Wednesday, January 25, 2012, 9:29 PM
embraced
hold me tight, though i know you're leaving

had rather long day outside. was out for about 12hours.

somehow, i realise it is much better when i sleep lesser.
been sleeping only 4-6hours for the past few days, but i dont feel tired.
alright, i have no idea what is wrong with my body clock, it's so screwed.
the more i sleep, the sleepier i get; the earlier i sleep, the harder to fall asleep.

anyway, worked this morning. i swear i was very inattentive at work ):
heh, cause my baby was at safra, SHOOTING ._. cool huh
ohoh! im working FULL SHIFT on sunday, oh yeah~ im happy.
actually, im just a crazy girl who likes to work full shift. it's not tiring! really.

at work i was kinda half emoing cause it's kinda boring ._.
so i was thinking about the past.. i asked myself
"if the current me met the past me, what would i say?"
i guess what i'd say to the innocent and immature girl back then was
"look, look at me. see these scars? see how broken i am?
if you want to become like me, then go ahead!"
oh well, what's done cannot be undone. nothing i can do.

not gonna tell you in details how my day went..

but sometimes, i realise that instead of making someone feel bad,
i rather keep the truth and hide my thoughts, make them feel that im at fault.
because this way, things are better and easier to deal with.

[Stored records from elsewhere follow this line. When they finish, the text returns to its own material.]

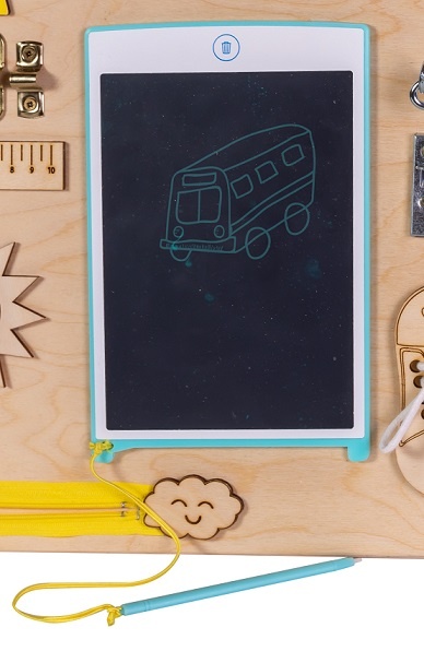 Tabla de dezvoltare este un loc de joacă tradițional pentru dezvoltarea timpurie a unui copil mic. Busy board a fost propus pentru prima dată de psihologul și educatorul italian Maria Montessori pentru dezvoltarea timpurie a copiilor. Busy board este unul dintre cele mai convenabile tipuri de jucării educaționale. Jocurile obișnuite cu Busy board dezvoltă abilități precum: coordonarea mișcărilor, abilități motorii fine, logică, memorie. Centrul de dezvoltare sub formă de tablă ocupată îl va ajuta pe copilul dvs. să facă primii pași în învățarea literelor, numerelor, culorilor și stăpânirii obiectelor de uz casnic.
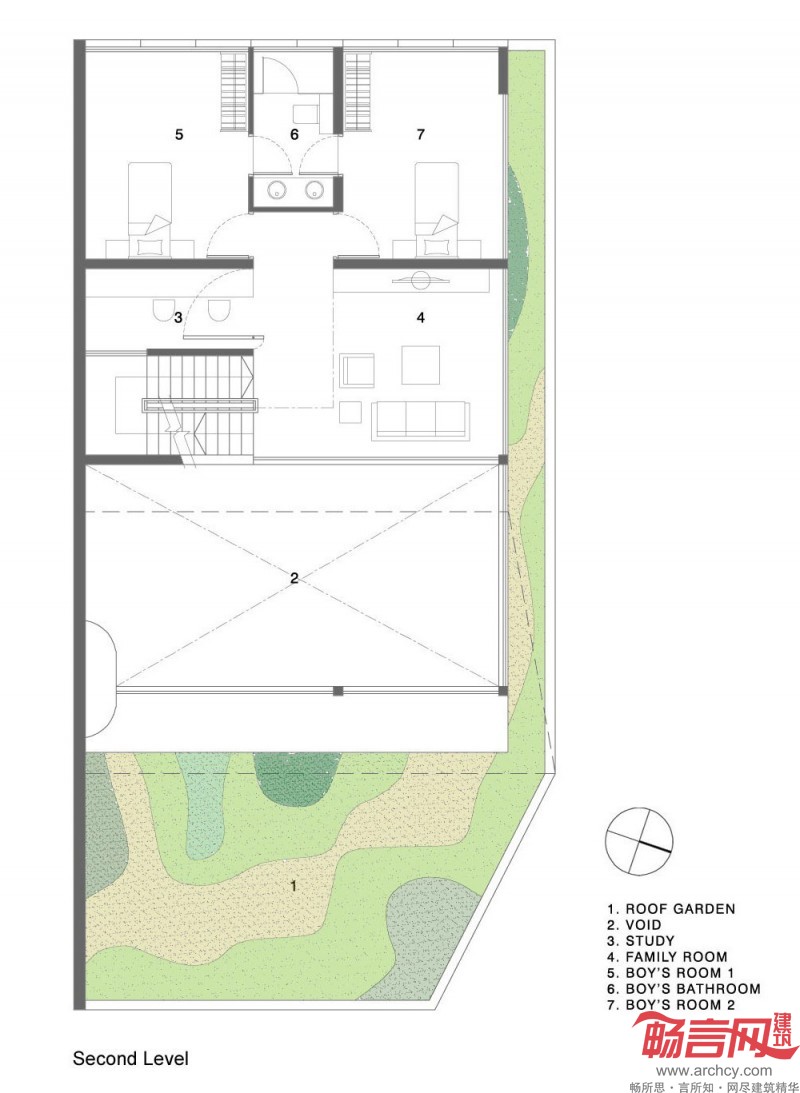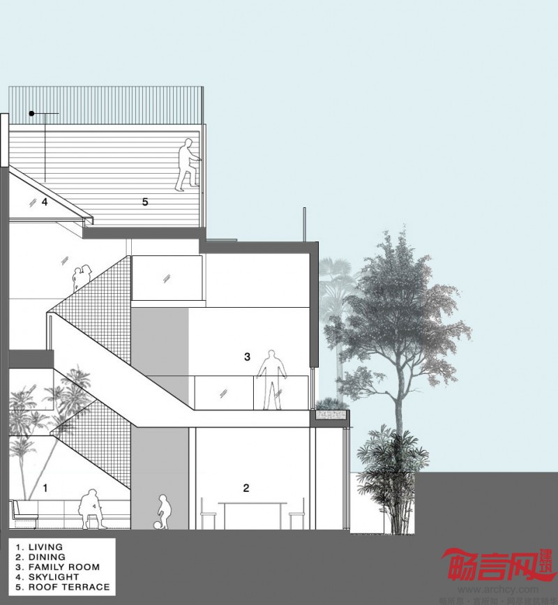 “业主希望我们将房子内部视野打开,以便他们在各个不同的区域都可以监护到2个孩子,”设计师介绍说:“同时我们也希望扩大房子的花园空间,尽管这座半独立式的房子占地面积比较狭小,而且绝大多数的地面都被建筑占据了。”
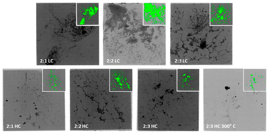 In order to assess the quality and coverage of silicon chips with the TIM layer, a series of X-ray images of the sintered samples was taken (Figure 6). Then, using advanced image thresholding software, the images were analyzed to identify voids and defects, and to examine the quality of the sintered joints, with the coverage ratio calculated through image processing (Figure 7). In analyzing the results of the measurements, it can be concluded that materials containing twice as much solvent (2:1 LC, 2:2 LC, 2:3 LC) were characterized by the highest surface coverage of the chips, while reducing the solvent content drastically decreased the quality of the surface coverage. This is related to the lower viscosity of the paste, allowing for a more even coverage of the substrate to be obtained. Due to the use of gold nanoparticles in the materials, which cannot be visualized in X-ray images, there is a possibility that these surfaces were covered with the tested material so uniformly that it was not accurately detected. This method can effectively identify only agglomerates of sintered particles and pores present on the chip contact surface [23].

been talking a little too much about death lately, that everyone's scared for me.
i mean, OKAY, RELAX, im not going to do anything stupid or take my life now.
also talking about smoking drinking slashing and overdosing a little too much too.
so much, that today someone went to do some health checkup for me ._.
but eh, everyone, relax~ im fine! really! dont worry la~


it feels good when you have someone there beside you and give you courage.
perhaps you wouldnt know. but you made me feel so much more stronger.
dont do so much for me alright, i still want to be independent afterall.
anyway, im almost done walking out of those shadows,
just give me a week or so, i promise i'll forget it all.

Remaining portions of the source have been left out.